Your instructions: Copy exactly the lines of the data below, beginning with the line with "Bontrager Cycling Jersey" and ending with the line with "第323期 牛肖3尾 开:12马". Pictures are to be omitted.

(Excerpts from a dataset)
'''
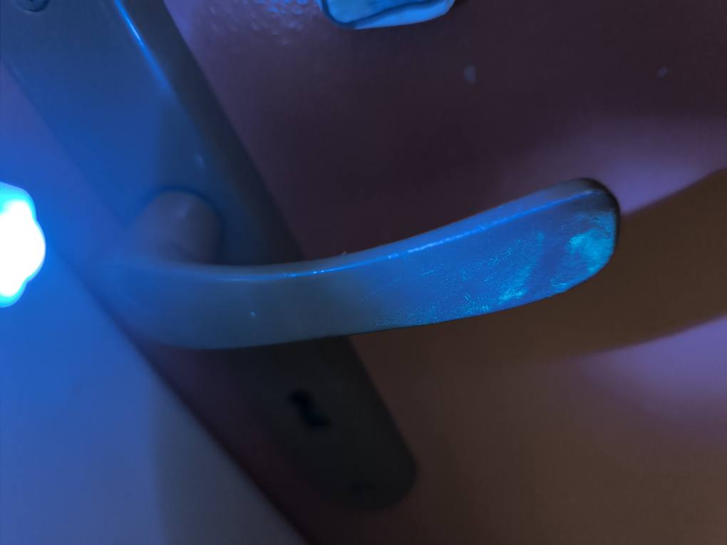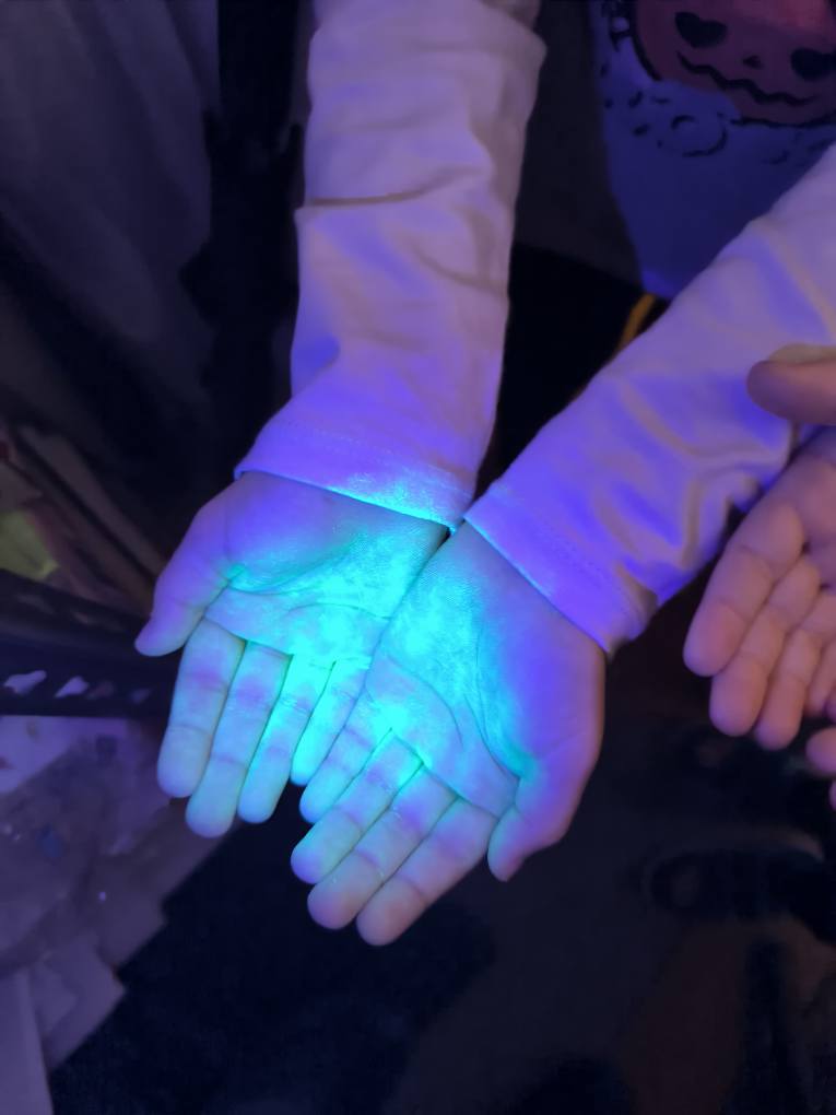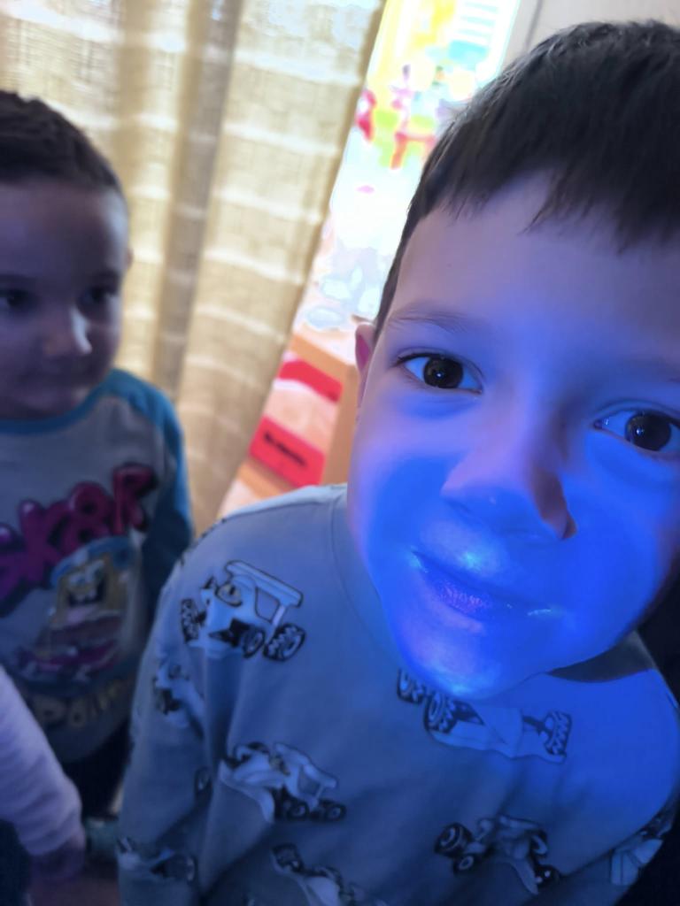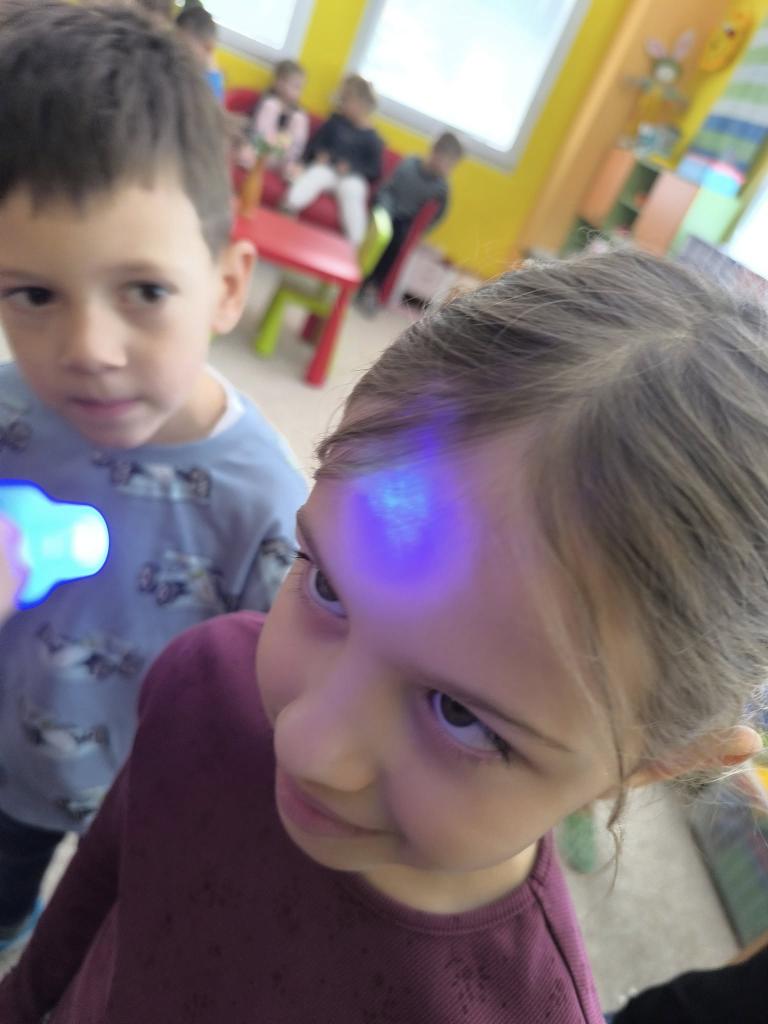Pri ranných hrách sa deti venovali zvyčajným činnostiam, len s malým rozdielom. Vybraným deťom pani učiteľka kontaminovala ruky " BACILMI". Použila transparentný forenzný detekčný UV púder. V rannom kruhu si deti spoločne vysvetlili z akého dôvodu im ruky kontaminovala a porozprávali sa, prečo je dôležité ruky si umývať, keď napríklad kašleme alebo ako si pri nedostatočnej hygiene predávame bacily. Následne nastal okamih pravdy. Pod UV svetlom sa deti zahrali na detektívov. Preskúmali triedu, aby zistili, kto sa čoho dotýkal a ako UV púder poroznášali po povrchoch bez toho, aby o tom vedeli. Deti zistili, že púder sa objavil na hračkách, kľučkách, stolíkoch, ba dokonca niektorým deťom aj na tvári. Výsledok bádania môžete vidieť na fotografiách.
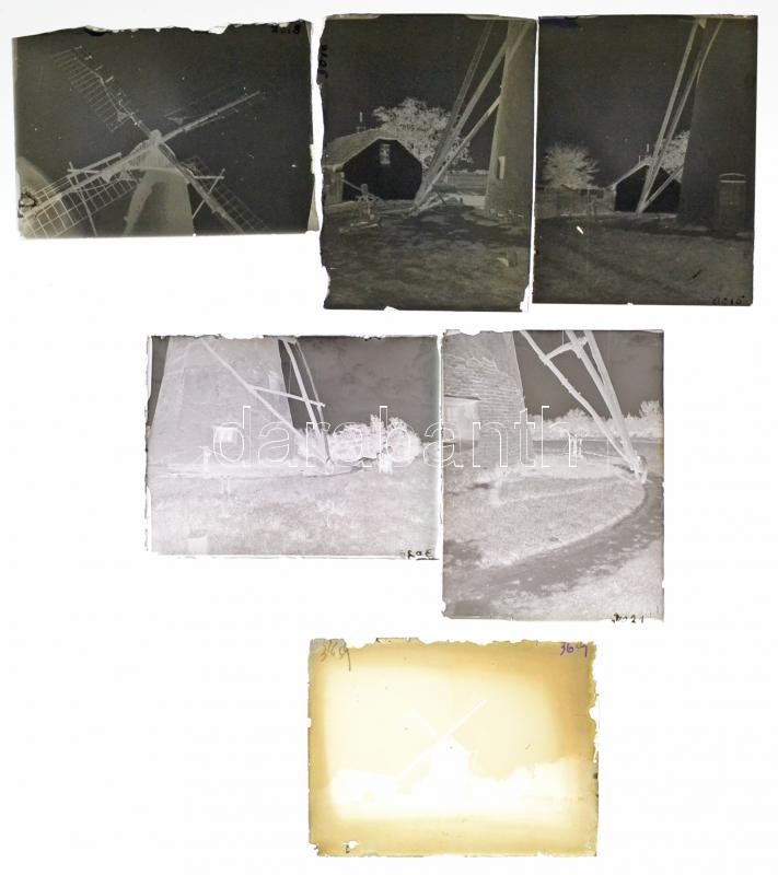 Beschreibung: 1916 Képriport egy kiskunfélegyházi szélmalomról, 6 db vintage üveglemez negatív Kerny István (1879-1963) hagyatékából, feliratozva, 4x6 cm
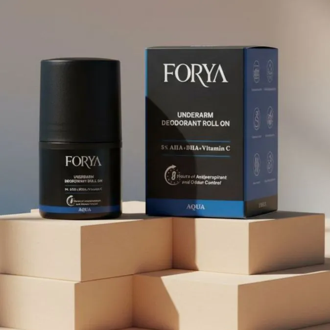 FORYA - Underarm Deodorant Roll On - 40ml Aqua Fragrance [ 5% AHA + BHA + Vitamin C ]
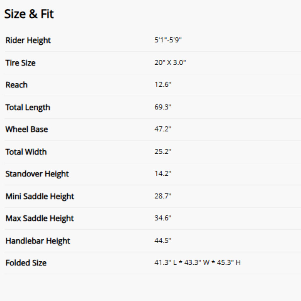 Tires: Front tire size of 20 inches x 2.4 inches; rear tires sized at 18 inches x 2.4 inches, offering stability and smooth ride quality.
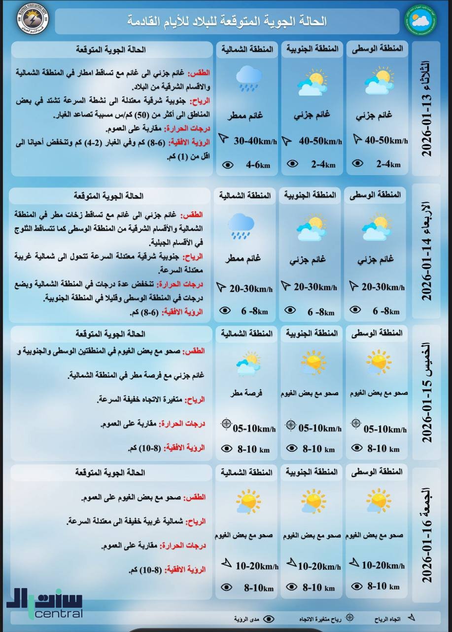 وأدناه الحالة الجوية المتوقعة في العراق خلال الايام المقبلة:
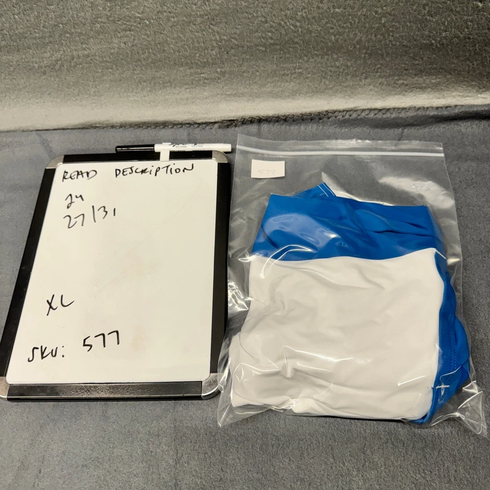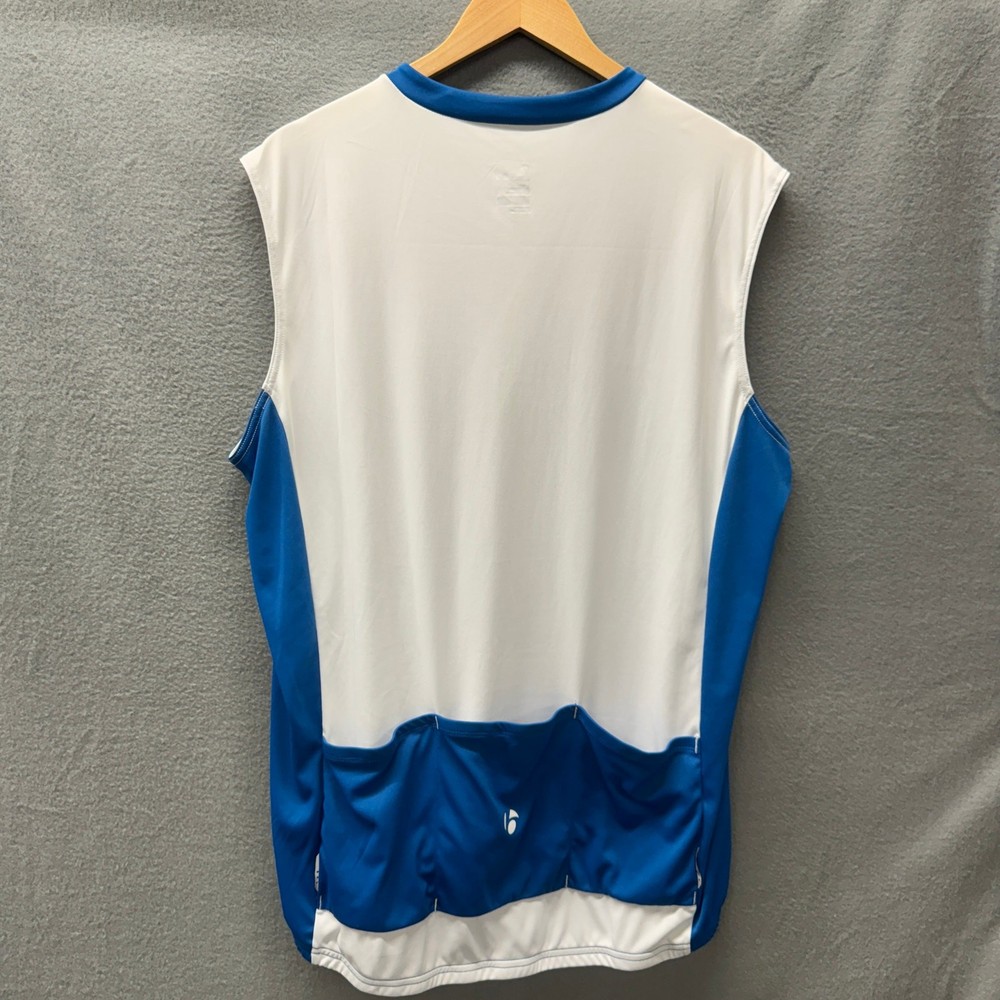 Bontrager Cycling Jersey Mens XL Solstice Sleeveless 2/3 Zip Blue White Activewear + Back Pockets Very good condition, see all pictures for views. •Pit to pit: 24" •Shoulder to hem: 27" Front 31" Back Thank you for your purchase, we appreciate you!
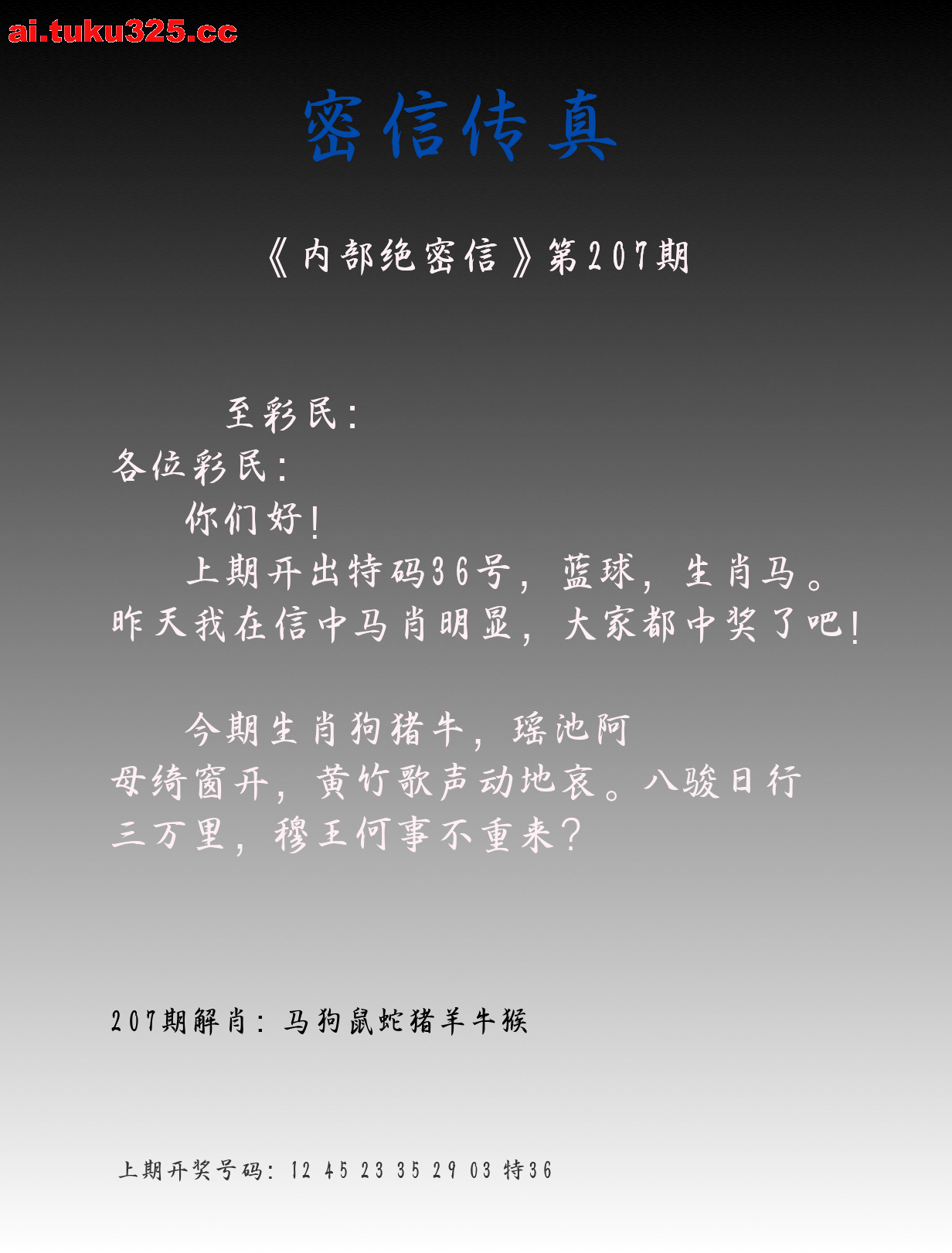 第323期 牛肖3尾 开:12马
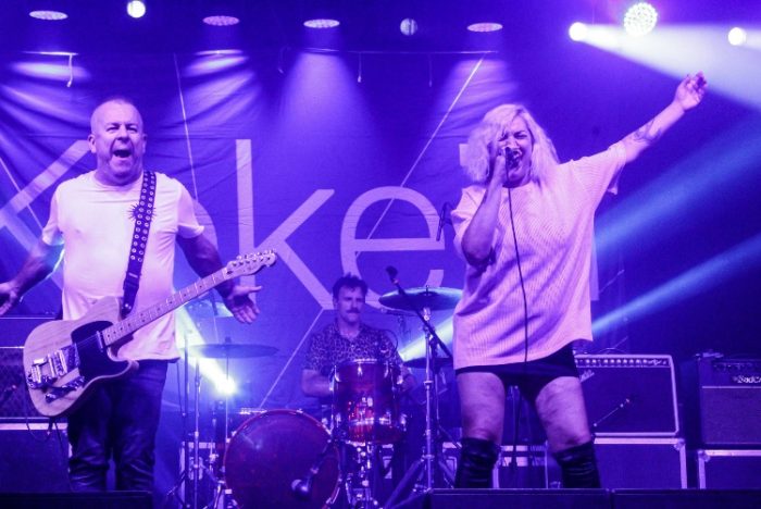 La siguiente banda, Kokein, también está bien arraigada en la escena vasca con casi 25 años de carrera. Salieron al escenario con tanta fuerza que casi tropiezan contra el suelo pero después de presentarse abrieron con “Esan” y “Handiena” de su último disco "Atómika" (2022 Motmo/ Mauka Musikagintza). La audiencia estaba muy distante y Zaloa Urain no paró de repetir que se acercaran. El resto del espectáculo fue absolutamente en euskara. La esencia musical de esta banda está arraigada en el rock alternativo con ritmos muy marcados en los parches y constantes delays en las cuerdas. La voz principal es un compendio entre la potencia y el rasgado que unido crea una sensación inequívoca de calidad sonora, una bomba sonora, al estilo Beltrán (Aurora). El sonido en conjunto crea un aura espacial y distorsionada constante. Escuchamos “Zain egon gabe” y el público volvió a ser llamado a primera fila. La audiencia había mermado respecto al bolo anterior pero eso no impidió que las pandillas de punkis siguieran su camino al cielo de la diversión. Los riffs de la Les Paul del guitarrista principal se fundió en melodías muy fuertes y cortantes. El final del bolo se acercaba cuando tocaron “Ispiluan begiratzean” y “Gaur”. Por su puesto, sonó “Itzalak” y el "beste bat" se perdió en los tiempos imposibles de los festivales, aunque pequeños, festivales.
'''
Written solution:
 Bontrager Cycling Jersey Mens XL Solstice Sleeveless 2/3 Zip Blue White Activewear + Back Pockets Very good condition, see all pictures for views. •Pit to pit: 24" •Shoulder to hem: 27" Front 31" Back Thank you for your purchase, we appreciate you!
 第323期 牛肖3尾 开:12马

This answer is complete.